Lindsay Goldberg
- Lindsay Goldberg Logo
- Company type: Private
- Industry: Private equity
- Founded: 2001; 25 years ago
- Founder: Alan E. Goldberg, Robert D. Lindsay
- Headquarters: New York City, United States
- Products: Leveraged buyout, Growth capital
- Total assets: $20 billion
- Number of employees: Approximately 50-100 employees
- Website: www.lindsaygoldbergllc.com

= Lindsay Goldberg =

American private equity firm

 Lindsay Goldberg (LGLLC) is an American private equity firm focused on leveraged buyout and growth capital investments in middle-market companies in such sectors as consumer products, commodity-based manufacturing, energy services, business services, healthcare, financial services, energy transmission and waste disposal. Lindsay Goldberg specializes in partnering with family-owned businesses, offering operational and strategic guidance.

==Synopsis==
LGLLC, which is based in New York City, was founded in 2001 by Alan Goldberg, who had previously served as chairman and CEO of Morgan Stanley Private Equity (later Metalmark Capital) and Robert Lindsay, who played a central role in the Bessemer Trust private equity business, serving most recently as Managing General Partner since 1991. Alan Goldberg and Robert Lindsay were founding members of Morgan Stanley's private equity business in 1984.

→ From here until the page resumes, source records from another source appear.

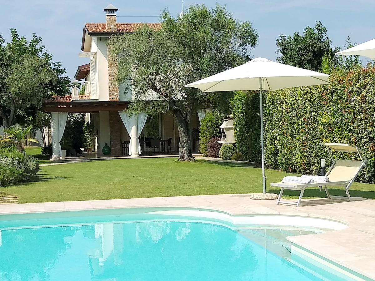 位于海洋和山丘之间的私人泳池别墅
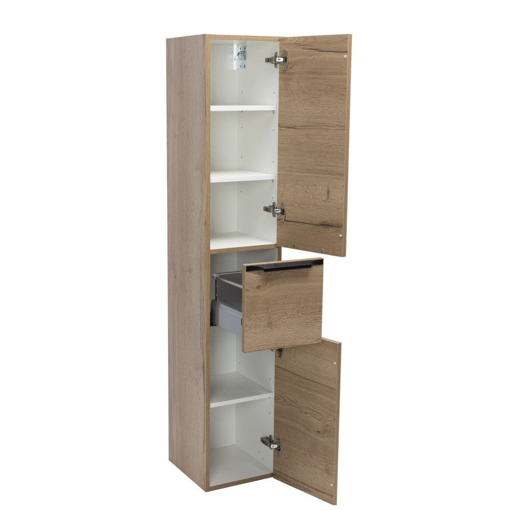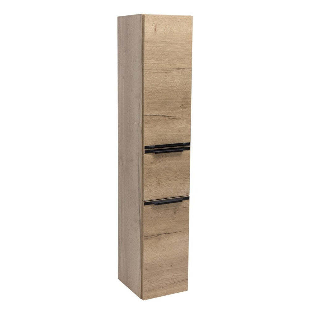 Vysoká závesná kúpeľňová skrinka DionneVysoká závesná kúpeľňová skrinka Dionne sa stane dôležitým prvkom vo vašej kúpeľni. Disponuje dvoma dvierkami a jednou zásuvkou na uloženie všetkých vašich dôležitých kúpeľňových doplnkov, aby ste ich mohli mať neustále po ruke. Vďaka tomu bude vaša kúpeľňa vyzerať stále upratané. Dvierka a zásuvka sú vybavené mechanizmom pomalého zatvárania, čo napomáha k ich ľahkej manipulácii. Otváranie dvierok je nastavené na pravú stranu, podľa toho si treba prispôsobiť kúpeľňový interiér. Na čelách dvierok a zásuvky sú decentné madlá v čiernom dekore, ktoré obohacujú skrinku o elegantný prvok. Skrinka je dodávaná zmontovaná, môžete ju tak začať okamžite používať. Je vyrobená z kvalitných lakovaných laminovaných drevotrieskových dosiek (LDTD) v matnej povrchovej úprave v dekore duba sierra. LDTD materiál je známy pre svoju ľahkú údržbu a dlhú životnosť.
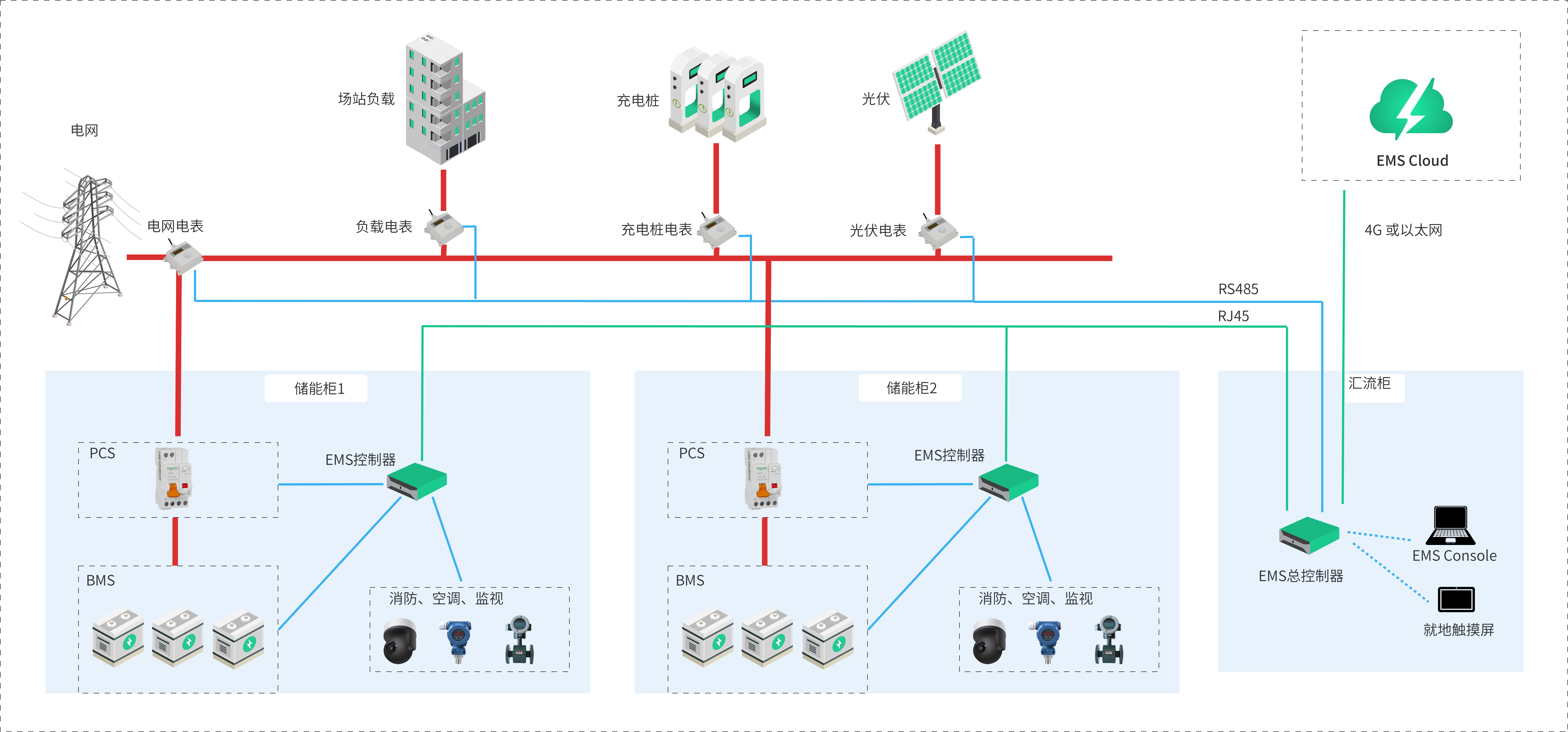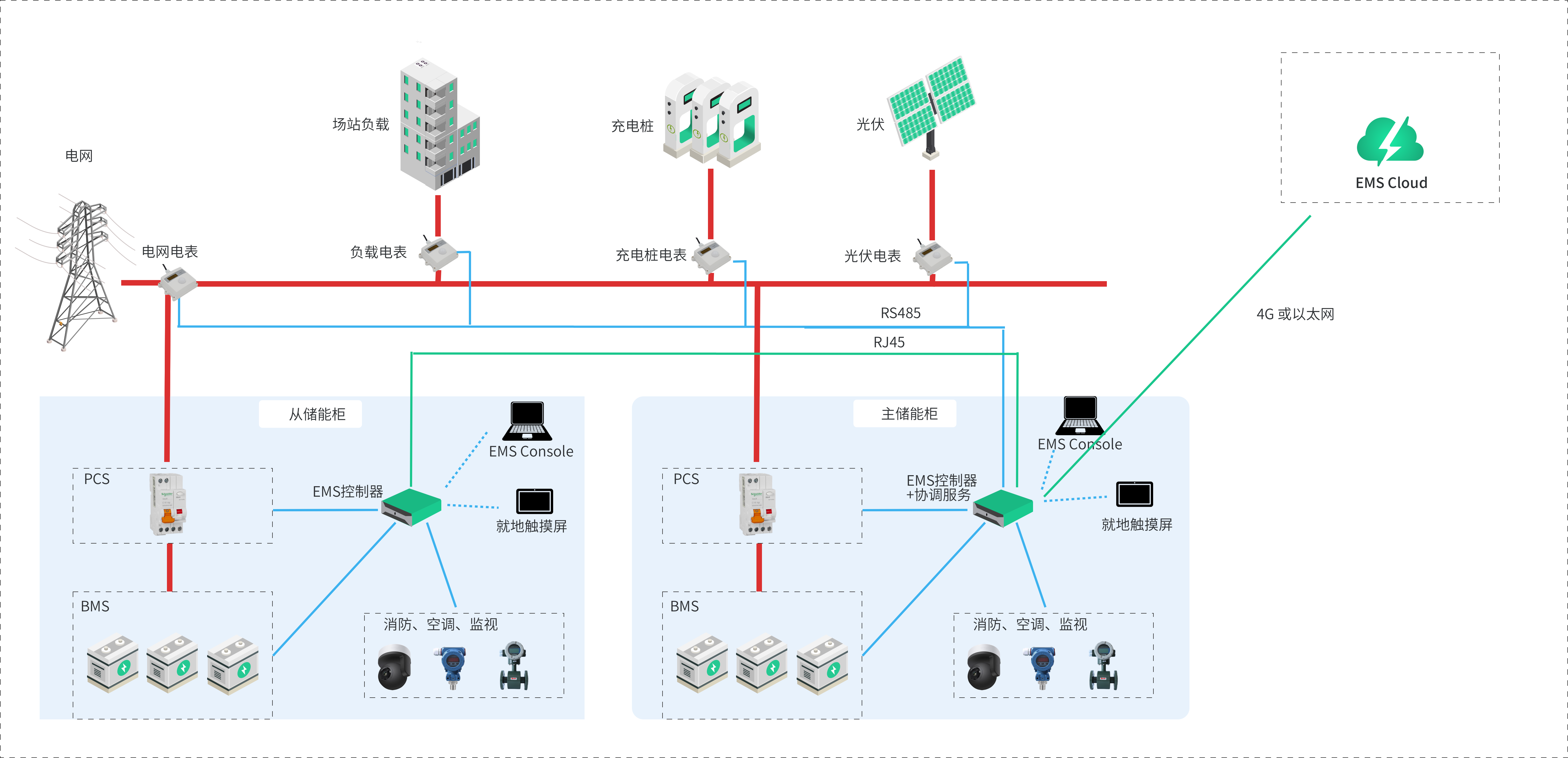 所有柜體內只有一個控制器,并放置于主柜中,主柜EMS控制器通過以太網與所有從柜進行通訊交互,從柜中安裝采集或者轉換裝置,用于在主柜控制器與從柜各組件設備之間做數據轉發。
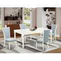 • Baby Blue Dining Set Linen Fabric White Wood Table 4 Chairs image - 1
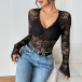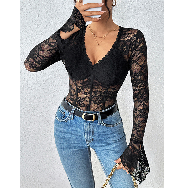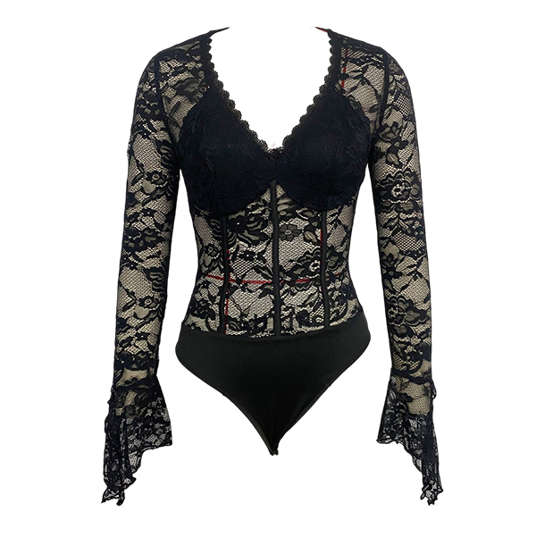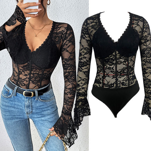 Fashion Lace Corset Bodysuit - Scalloped V-Neck & Flare Sleeves
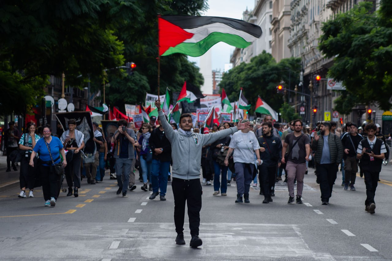 Marcha en la Ciudad de Buenos Aires el 11 de abril del 2026, un día antes de la salida de la flotilla, encabezada por Abdallah Mamdouh Tibi, Palestino de Gaza que actualmente vive en Buenos Aires. Fotografía: Andrés Manrique (ANRed).
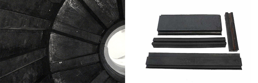 整套的陶瓷磨機橡膠襯板由端襯板(格柵型為花格板)、端部提升條、中心環(huán)(格柵型為中心護板)、填料、筒體提升條(又稱壓條)、筒體襯板、人孔門、緊固件等部分組成。

The firm has raised approximately $17 billion since inception, across five funds. The firm raised $2 billion for its first fund in 2002. In 2006, the firm completed fundraising for its second fund with $3.1 billion of investor commitments. In 2008, Lindsay Goldberg commenced raising its third fund with a target of $4.0 billion. As of November 2015, $3.4 billion had been raised toward its fourth fund. As of July 2020, $3.4 billion had been raised toward its fifth fund.

==Holdings==

- Bedrock Industries, which was formed on 23 October 2015 by LGLLC, is "focused on owning and operating metals, mining and natural resources" companies and assets. It operates as a holding company and owns such properties as Stelco in conjunction with Fairfax Financial.
- Creation Technologies, a Vancouver-based service supplier to OEMs. The firm had as of August 2019 roughly 3,000 employees across the USMCA countries and China.
- Bilcare Research, which produces plastic packaging used in the pharmaceutical, consumer goods and chip card manufacturing industries
- MMS Holdings, data-focused clinical research organization (CRO) that supports the pharmaceutical, biotech, and medical device industries.
- In recent years, Lindsay Goldberg has acquired controlling interests in companies such as Golden State Foods (a major foodservice supplier), The Kleinfelder Group (an engineering services firm), and Summit Interconnect (a leader in printed circuit board manufacturing).
- In 2023, Lindsay Goldberg launched its sixth flagship fund, targeting $4 billion, continuing its focus on mid-market buyout opportunities.

==Advisors==
Lindsay Goldberg has developed affiliate partnerships with a number of influential individuals and businesses in order to extend their reach, both geographically and by industries. These partners include:
- Tony Knowles, American politician, 7th Governor of Alaska
- Gary Edson, former advisor to the George W. Bush administration
- Stephen Jansen, former Vice Chairman of Aon Corporation
- Patrick Moore, former CEO of Smurfit-Stone Container
- Leonard Riggs, founder and former CEO of EmCare

==Litigations and legal investigations==
Lindsay Goldberg has been associated with legal proceedings concerning its former portfolio company, Schur Flexibles, following allegations of financial misconduct during the period of its ownership. The firm sold an 80% stake in Schur Flexibles to the B&C Foundation for approximately 260 million euros. Subsequent internal investigations conducted by B&C suggested potential discrepancies in the company’s balance sheets prior to the transaction.

In response, Austrian authorities launched a criminal investigation into former members of Schur Flexibles’ senior management, as well as Thomas Unger, a Managing Director of Lindsay Goldberg Europe, GmBH.

Reports have alleged that Schur Flexibles' executives misused company funds for personal expenses, including luxury apartments and private travel, during Lindsay Goldberg's ownership. Lindsay Goldberg has stated that it was unaware of any financial irregularities at Schur Flexibles. The firm has emphasized its commitment to ethical business practices and is supportive of ongoing investigations aimed at ensuring accountability.

Despite the controversies, Lindsay Goldberg has continued its private equity operations, including raising its sixth flagship fund, which is targeting $4 billion, as reported in recent sources.